Each line below from the line with "こちらの写真はインビザライン" to the line with "Choose between the" must be copied exactly, including those two, and no picture may appear in the copy.

SOURCE INFORMATION:
=== Section Start ===

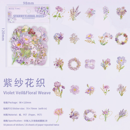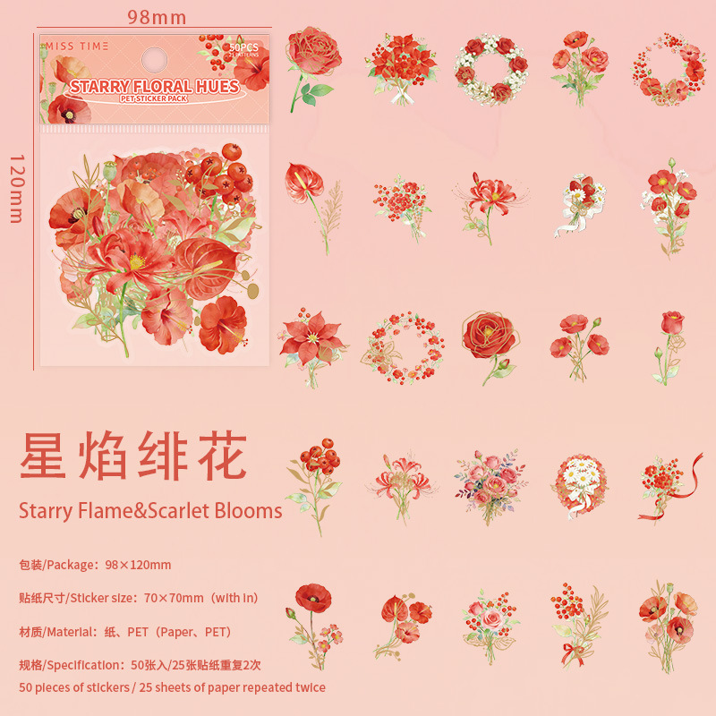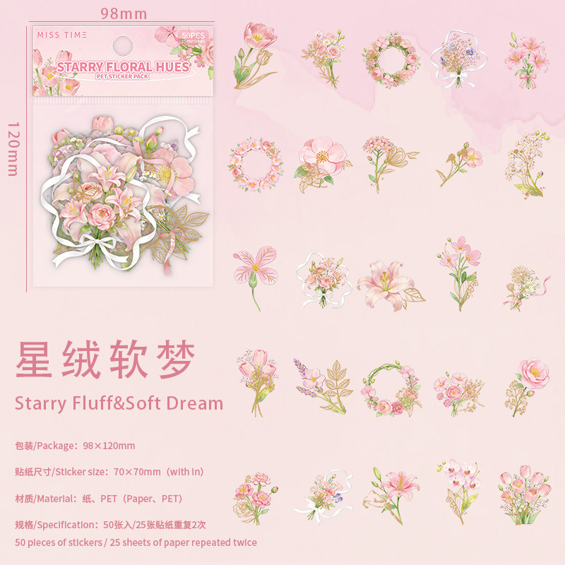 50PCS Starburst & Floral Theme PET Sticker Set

=== Section End ===
=== Section Start ===

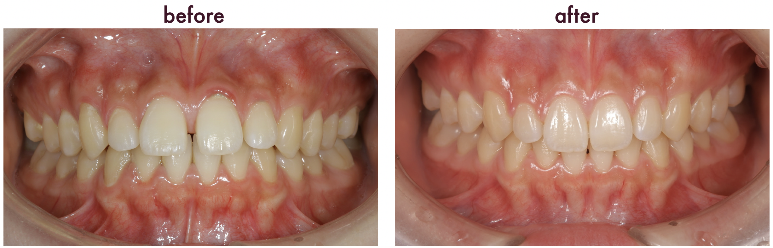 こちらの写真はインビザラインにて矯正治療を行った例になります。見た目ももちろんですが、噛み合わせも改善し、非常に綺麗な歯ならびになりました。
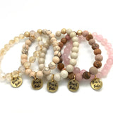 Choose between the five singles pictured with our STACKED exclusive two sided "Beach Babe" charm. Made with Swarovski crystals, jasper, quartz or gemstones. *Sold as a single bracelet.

=== Section End ===

EXERCISE RESULT:
 こちらの写真はインビザラインにて矯正治療を行った例になります。見た目ももちろんですが、噛み合わせも改善し、非常に綺麗な歯ならびになりました。
 Choose between the five singles pictured with our STACKED exclusive two sided "Beach Babe" charm. Made with Swarovski crystals, jasper, quartz or gemstones. *Sold as a single bracelet.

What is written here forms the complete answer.